Set each line of the material below down word for word, from the first through the line that holds "Daily Devotional app", but not the pictures.
===== DATA LISTING =====
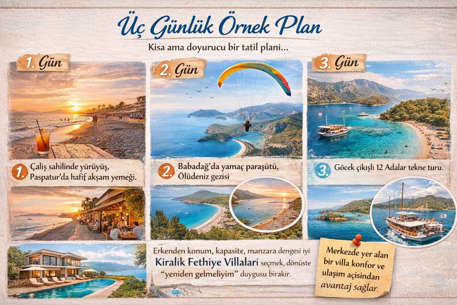 Üç gün, doğru kurgulandığında Fethiye’yi tanıştıran, temposu dengeli bir kartvizite dönüşebilir. İlk gün merkeze yerleşip Çalış sahilinde uzun bir yürüyüşle güneşi indirmek, Paspatur’da hafif bir akşam yemeğiyle ritmi tecrübe etmek iyi bir açılıştır. İkinci gün sabah Babadağ’dan tandem uçuşla gökyüzüne karışıp, öğleden sonra Ölüdeniz ve Kumburnu’nda denizin tonlarına teslim olmak; akşamüzeri gün batımını Belcekız’da izlemek, “Fethiye’nin özeti”ni tek güne sığdırır. Üçüncü gün Göcek çıkışlı 12 Adalar’da Yassıca ve Bedri Rahmi Koyu gibi duraklarda yüzüp, tekne güvertesinde kitap ve kısa kestirmelerle zihin dinlendirilir. Konaklamayı merkez ulaşımı kolay bir adreste seçmek, geç saatlerde yorgun dönüldüğünde planı yormaz; bu nedenle Kiralık Fethiye Villaları içinden konum–kapasite–manzara dengesi iyi bir evi erken almak avantaj sağlar. Kısa ama dolu dolu bir kaçamak, dönüşte “yeniden gelmeliyim” duygusunu bırakır.
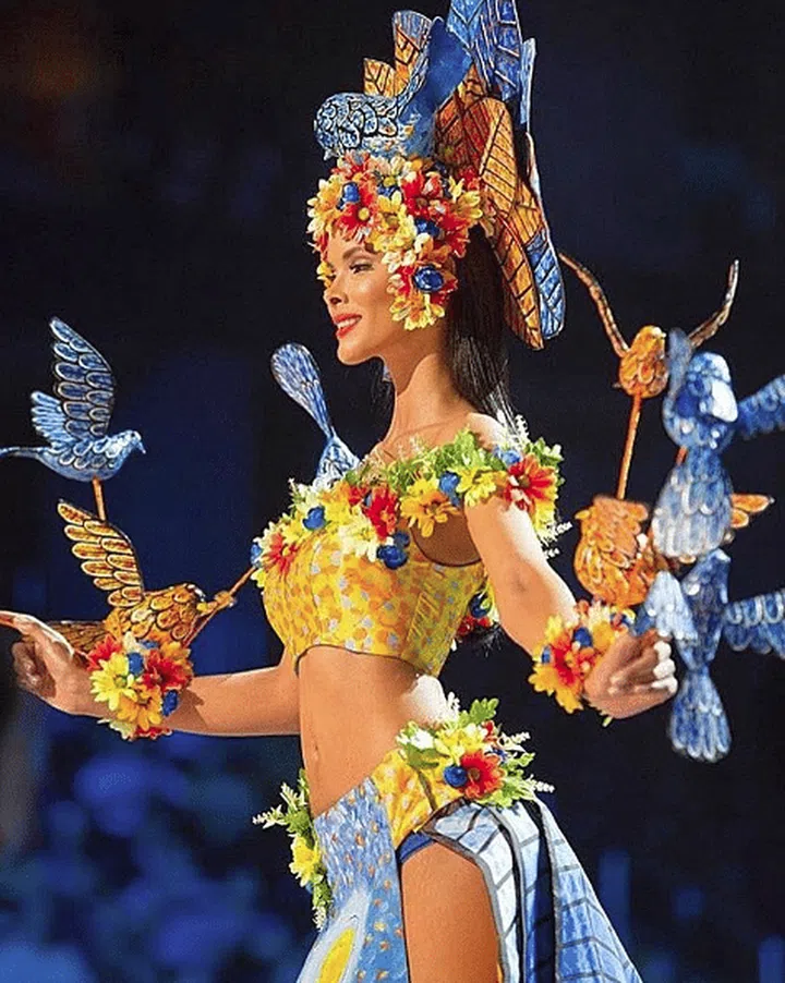 Here’s another bird-inspired outfit worn by Miss Dominican Republic. This bright and cheery costume is completed with floral embellishments.
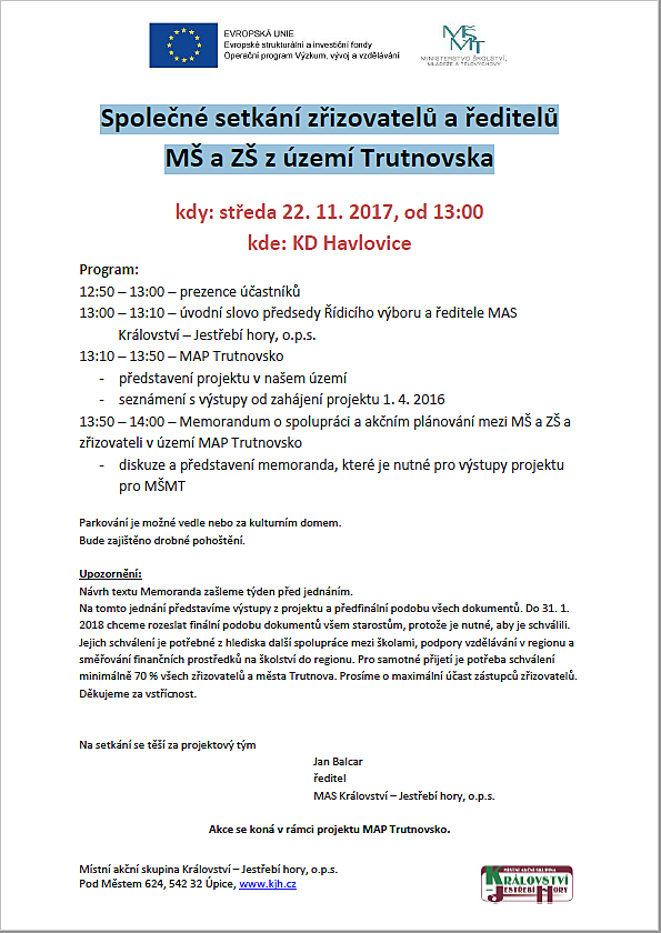 Vážení kolegové, starostové a starostky z území ORP Trutnov, ředitelé a ředitelky mateřských a základních škol! Dovolte, abych vás pozval na společné setkání zřizovatelů a ředitelů mateřských a základních škol v území ORP Trutnov. Toto setkání se uskuteční ve středu 22. listopadu 2017 od 13:00 hodin v Kulturním domě Havlovice. V průběhu dvou let jste byli průběžně informování o projektu MAP Trutnovsko, ke kterému jste se přihlásili a někteří se do něho velmi aktivně zapojili. Chceme vám představit výstupy projektu, které budou ovlivňovat vzdělávání v regionu a čerpání prostředků EU na modernizaci škol. Více najdete v pozvánce. Informace pro zřizovatele: v případě, že se nebude moci zúčastnit, pověřte svého zástupce - místostarostu, tajemníka či úředníka. Bylo by dobré, abyste byli informováni. Na setkání se těší Jan Balcar.
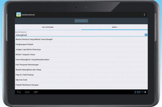 Daily Devotional app is the official app of Jawaban.com, official website of the CBN Indonesia and is being constantly developed. Some of the features you can enjoy in this Daily Devotional is:
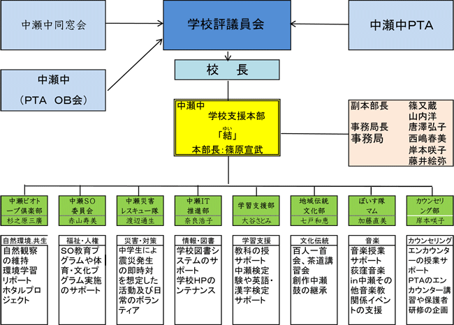 学校支援本部は、学校の教育活動をより一層、充実・発展させることを目的に、地域の方々を中心に作った仕組みです。平成22年度、杉並区すべての小中学校に設置する予定です。 本校の学校支援本部は、「結(ゆい)」と名付けました。結はかつて日本の各地に見られた相互扶助の組織で、田植えや屋根葺きなどの生産や生活のために欠かせないものでした。 「中瀬結」は子育てという大事業に、中瀬中学校区の大人たちの力を結集するものです。そして「中瀬結」の活動を通して、地域の中に新たな文化を創造することを願うものです。
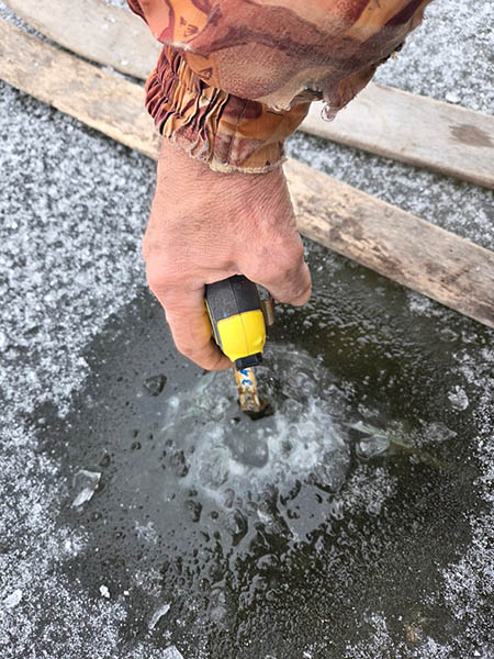 А еще надо учитывать, что в первые морозные дни толщина льда будет разная даже в пределах одного водоема. Особенно тонок он в границах течения рек. Вот и сейчас лед у нас гораздо тоньше в камыше и тростнике, в местах промоин и родников, коряг. В чем мы с Сабанеем убедились сами, выехав недавним днем на одну из тобольских стариц вблизи Костаная. Несмотря на наконец-то объявившиеся морозы, толщина льда, который мы замерили с помощью рулетки, оказалась всего-то 3 см. В метре от берега он потрескивал под ногами и пробивался с одного удара пешней. Кто рискнет рыбачить на таком льду?
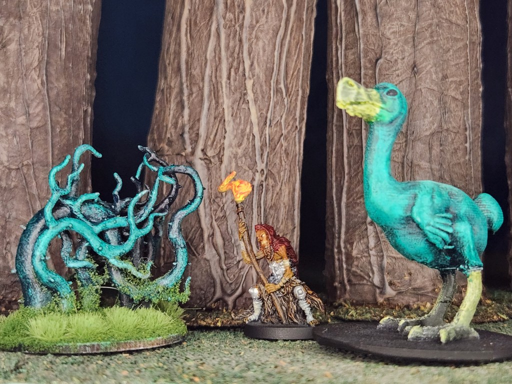 The vine and the druid are both from the Bones 5 Kickstarter. The axebeak is from Miguel Zavala, who gives by mz4250. He has modeled all of the creatures from the Monster Manual and has put them out for free! If you need something, google his handle and the creature’s name…you should find something that you can print. He has a Patreon you can join if you want to support him. The giant trees are new as well. I made them out of a pool noodle, paper towels, PVA glue, hot glue, and some homemade flocking.
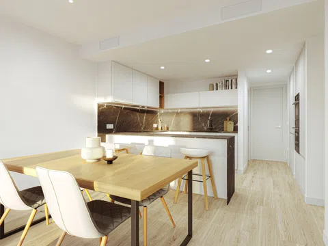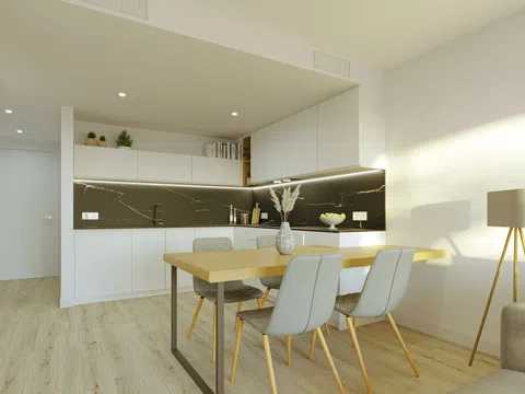 De keuken is volledig uitgerust en voorzien van moderne panelen, terwijl de inbouwkasten volledig zijn afgewerkt. Overal in de woning is LED-verlichting geïnstalleerd voor hogere energie-efficiëntie, en een airconditioningsysteem met koude/warmtekanalen in alle ruimtes zorgt voor maximaal comfort. Met een hoog-efficiënte energieontwerp garandeert het gebouw een comfortabele en duurzame woonomgeving.
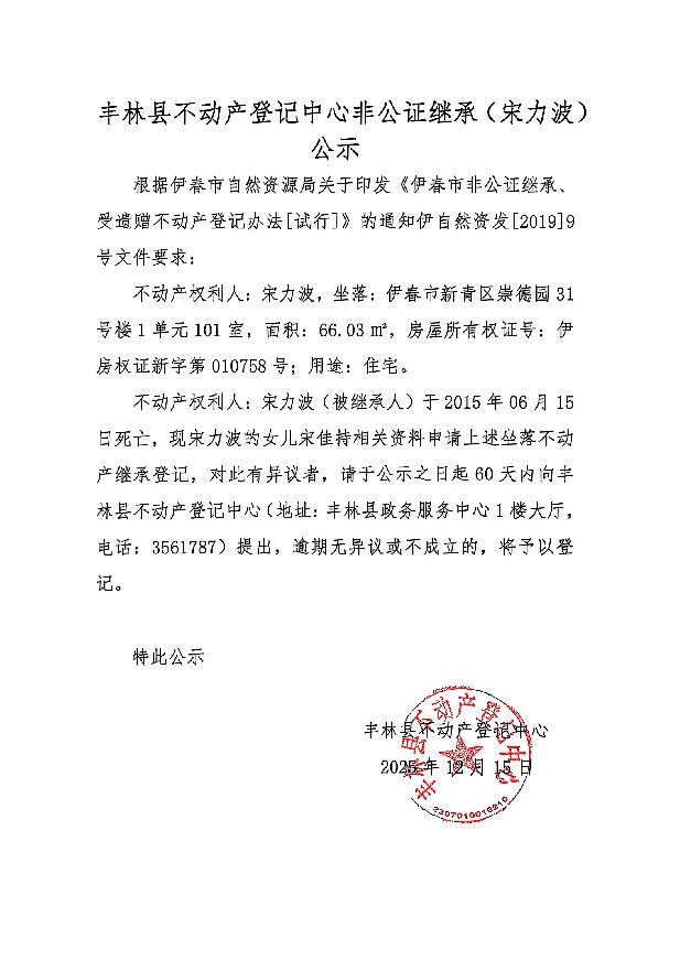 丰林县不动产登记中心非公证继承(宋力波)公示
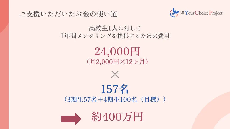 団体設立から2年目の2023年に私たちが行ったクラウドファンディングでは、300名近い皆様の温かいご支援のおかげで、400万円を超える寄付が集まりました。また、前回のクラウドファンディングをきっかけに#YCPを知っていただいた方も多く、この2年間の飛躍の大きなきっかけになりました。この寄付金はメンタリング事業、調査事業などを行う際に、非常に重要な資金となりました。改めて、温かいご支援ありがとうございました!
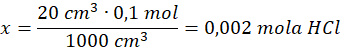 Ilość moli HCl w próbce 20 cm3 0,1-molowego kwasu:
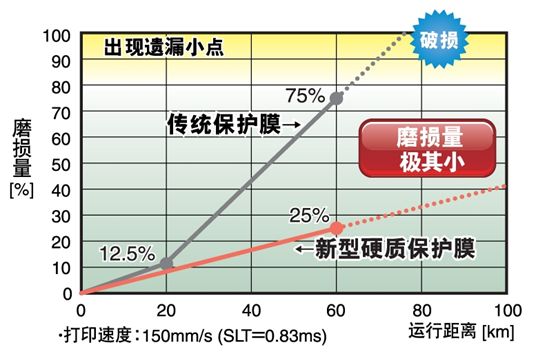 為了應(yīng)對(duì)這種情況,采取了將打印頭的保護(hù)膜材料變更為硬質(zhì)材料等對(duì)策,但提高保護(hù)膜的強(qiáng)度的課題是保護(hù)膜的組成和發(fā)熱部分的形狀設(shè)計(jì)。在以往的產(chǎn)品中,使用某些劣質(zhì)熱敏紙時(shí),使用壽命僅10km左右,這當(dāng)然與打印機(jī)的使用頻率也有關(guān)系,但發(fā)生過幾個(gè)月左右就無法使用的案例。羅姆面對(duì)這種情況,一直致力于改善保護(hù)膜材料中的硬質(zhì)材料的結(jié)構(gòu)和打印頭結(jié)構(gòu)。這次開發(fā)的熱敏打印頭通過優(yōu)化保護(hù)膜材料的構(gòu)成物質(zhì)及其組成,大幅提高了耐磨性,實(shí)現(xiàn)了比以往產(chǎn)品高約3倍的耐久性(保證150km(以往產(chǎn)品是50km))。另外,通過提高保護(hù)膜的熱導(dǎo)率,打印效率也比以往改善了15%,同時(shí)還提高了打印質(zhì)量。而且,這種打印頭的形狀保持與以往產(chǎn)品完全相同,因此無需進(jìn)行打印機(jī)的設(shè)計(jì)變更,另外,這種規(guī)格還可以用于修補(bǔ)替換。
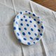 在手作蛋型小盘上,不规则又自然的蓝点在白皿上跳跃,就像日常里的小快乐~
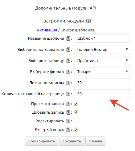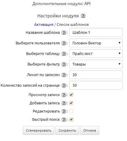 Перейдем в «Список шаблонов». Нажмите кнопку «добавить». Появится настройка шаблона, где можно выбрать название, пользователя, таблицу, используемый фильтр, лимит по записям, их количество на страницу. Отдельно стоит отметить настройку функционала шаблона: просмотр записей, добавление записей, редактирование, быстрый поиск. Не путайте его с правами пользователя.
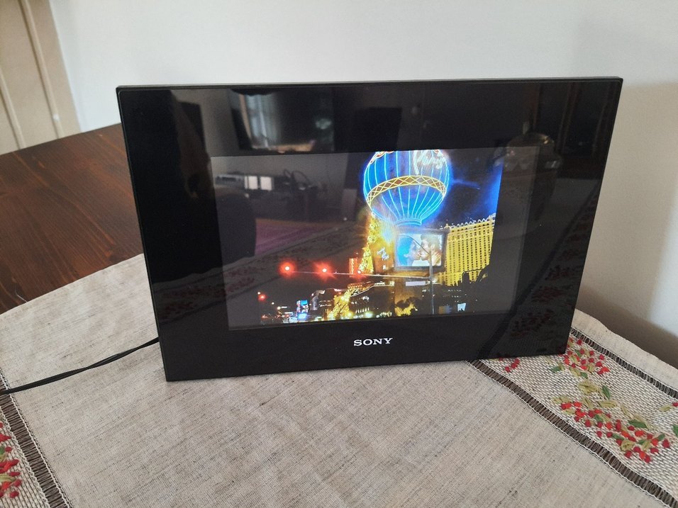 Arıza,kırık. bir tarafı yok. zamanında yurt dışından getirmişti eşim, evde aksesuar kullanmadığım için dolaba kaldırdım: Teknik Özellikler Ekran LCD ekran boyutu: 8.0” / 20,3 cm En-boy oranı: 15:09 Ekran çözünürlüğü: 800 × 480 WVGA Ekran arka aydınlatma tipi: LED Bellek ve Bağlantı HDMI™: Yok Kart Yuvaları Desteklenen kartlar: MS / MS Duo / SD / SDHC / xD / CF USB Bağlantısı USB: B tipi Dahili Bellek Dahili bellek (GB): 1 GB Maksimum fotoğraf sayısı: 2000 Desteklenen İçerik Formatları Fotoğraf formatları: JPEG / TIFF / BMP / RAW Müzik formatı: Yok Video formatı: Yok Genel Özellikler Dahili batarya: Yok Slayt gösterisi: 10 farklı desen Değiştirilebilir çerçeve: Yok Saat ve takvim: 17 farklı tasarım Geniş izleme açısı: Yok Uzaktan kumanda: Var Otomatik açma / kapama zamanlayıcısı: Var Sıralama: Var Alarm saati: Var Dizin (Index): 3 farklı desen TruBlack: Yok Otomatik yönlendirme: Var
=====
## YOUR SOLUTION:
 Üç gün, doğru kurgulandığında Fethiye’yi tanıştıran, temposu dengeli bir kartvizite dönüşebilir. İlk gün merkeze yerleşip Çalış sahilinde uzun bir yürüyüşle güneşi indirmek, Paspatur’da hafif bir akşam yemeğiyle ritmi tecrübe etmek iyi bir açılıştır. İkinci gün sabah Babadağ’dan tandem uçuşla gökyüzüne karışıp, öğleden sonra Ölüdeniz ve Kumburnu’nda denizin tonlarına teslim olmak; akşamüzeri gün batımını Belcekız’da izlemek, “Fethiye’nin özeti”ni tek güne sığdırır. Üçüncü gün Göcek çıkışlı 12 Adalar’da Yassıca ve Bedri Rahmi Koyu gibi duraklarda yüzüp, tekne güvertesinde kitap ve kısa kestirmelerle zihin dinlendirilir. Konaklamayı merkez ulaşımı kolay bir adreste seçmek, geç saatlerde yorgun dönüldüğünde planı yormaz; bu nedenle Kiralık Fethiye Villaları içinden konum–kapasite–manzara dengesi iyi bir evi erken almak avantaj sağlar. Kısa ama dolu dolu bir kaçamak, dönüşte “yeniden gelmeliyim” duygusunu bırakır.
 Here’s another bird-inspired outfit worn by Miss Dominican Republic. This bright and cheery costume is completed with floral embellishments.
 Vážení kolegové, starostové a starostky z území ORP Trutnov, ředitelé a ředitelky mateřských a základních škol! Dovolte, abych vás pozval na společné setkání zřizovatelů a ředitelů mateřských a základních škol v území ORP Trutnov. Toto setkání se uskuteční ve středu 22. listopadu 2017 od 13:00 hodin v Kulturním domě Havlovice. V průběhu dvou let jste byli průběžně informování o projektu MAP Trutnovsko, ke kterému jste se přihlásili a někteří se do něho velmi aktivně zapojili. Chceme vám představit výstupy projektu, které budou ovlivňovat vzdělávání v regionu a čerpání prostředků EU na modernizaci škol. Více najdete v pozvánce. Informace pro zřizovatele: v případě, že se nebude moci zúčastnit, pověřte svého zástupce - místostarostu, tajemníka či úředníka. Bylo by dobré, abyste byli informováni. Na setkání se těší Jan Balcar.
 Daily Devotional app is the official app of Jawaban.com, official website of the CBN Indonesia and is being constantly developed. Some of the features you can enjoy in this Daily Devotional is:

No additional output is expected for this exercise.